Whilst user interest is waning, so too potentially will brands'. Forrester in its second 2023 predictions report suggested “they expected a pivot away from brand experimentation and superficial ‘one and done’ headline-grabbers towards efforts delivering employee and consumer utility.
“Expect a sober 2023, where the industry focuses on function over form to prove the metaverse’s value to a sceptical potential customer base,”
The metaverse is one for brands to watch closely – it's likely it will see much evolution over the coming years and given it is within its infancy it is difficult to predict its adoption over the long term and whether this may simply be a bump in the road.
Google & Facebook dominance will be tested
In the local ad market, Google & Facebook now command 80% of all digital media spend. But that is potentially all set to change in 2023 with a raft of new avenues for brands to spend their digital dollars.
In August 2022, it was announced Apple is making a bigger play for ad spend with plans to build its own DSP and in recent days it looks like Apple has a big appointment hiring. Vishal Gurbuxani is tasked with building a demand-side platform, which would help marketers automate the buying of Apple ads.

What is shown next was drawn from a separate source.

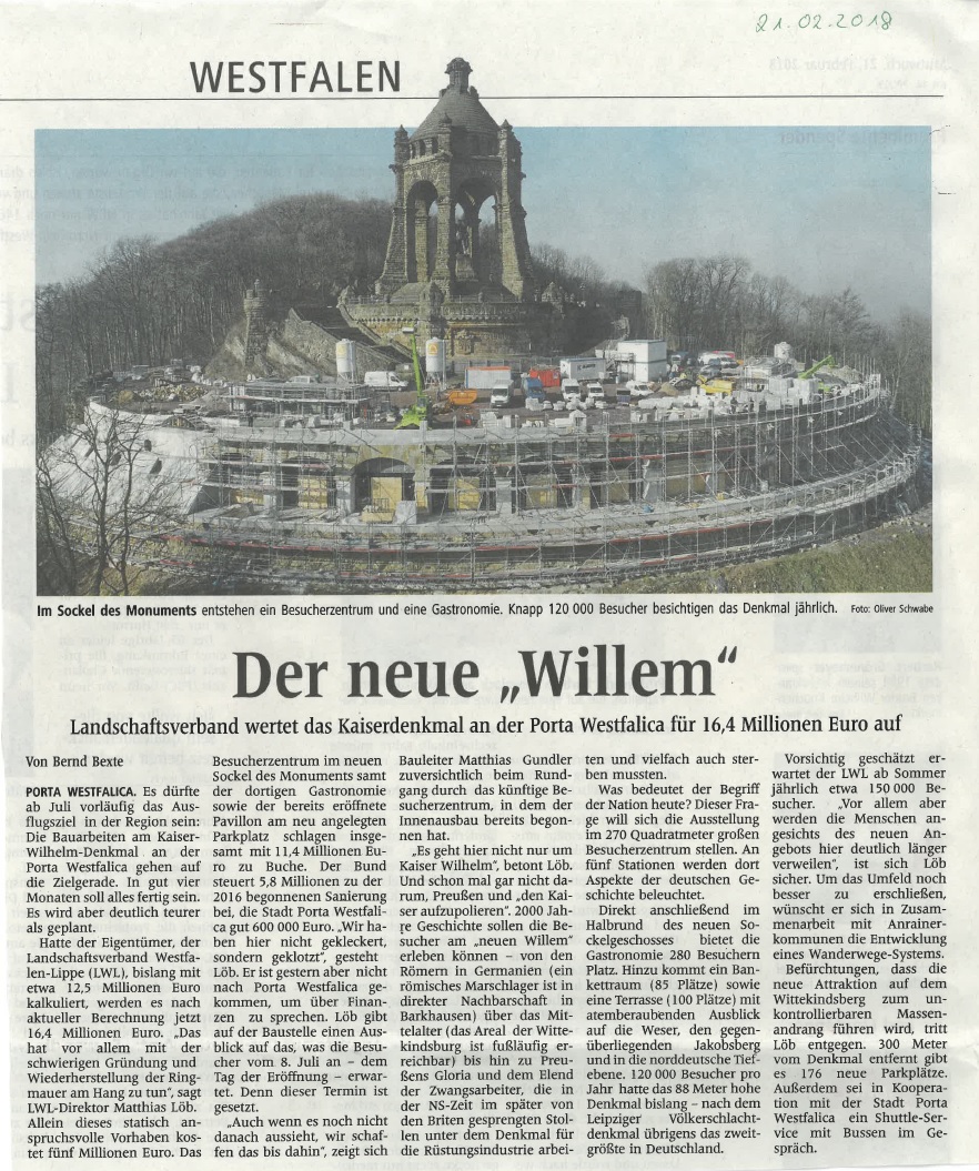 Am heutigen Mittwoch erschien ein Artikel über die Baustelle am Kaiser-Willhelm-Denkmal in Porta Westfalica.
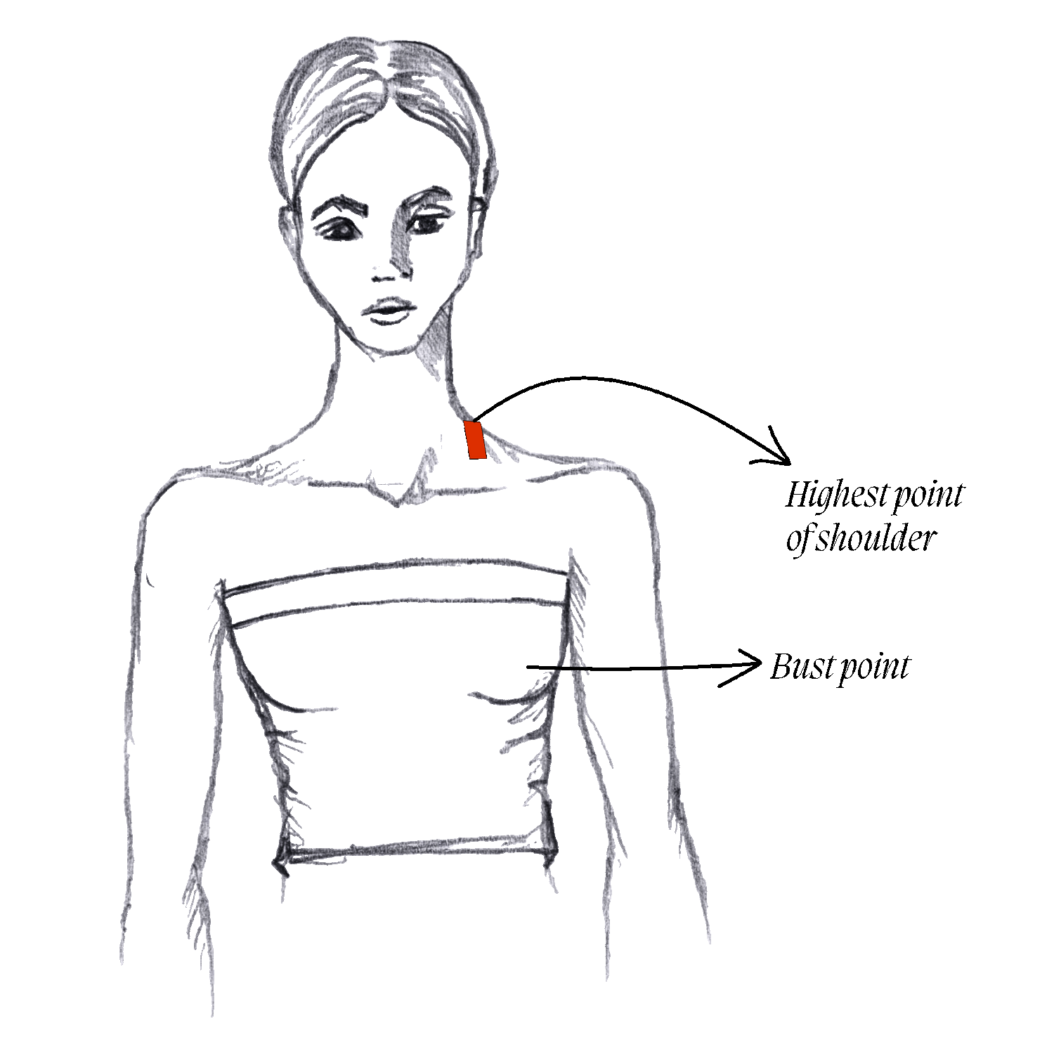 This body detail will help us get a perfect top or dress fit for you where the style is fitted, to ensure the perfect positioning of darts or items that have bra pad inserts.

But it isn’t just Apple who are making noises and waves in the digital media space. With over 200 SVOD services now in market and consumer spending subdued, subscription growth is harder to come by. Deloitte predicts that by mid-2023, all major video subscription services will have launched an ad-funded tier alongside ad-free offerings in Europe.
By the end of 2024, Deloitte predicts that half of these providers will also have launched a free ad-supported streaming TV (FAST) service. Additionally, around two-thirds of consumers will use at least one advertising video on demand service monthly, a 5% increase on 2022. If Deloitte is right – this will create vast amounts of additional inventory in the digital video space and enable brands to finally reach audiences that have been largely locked out of the market.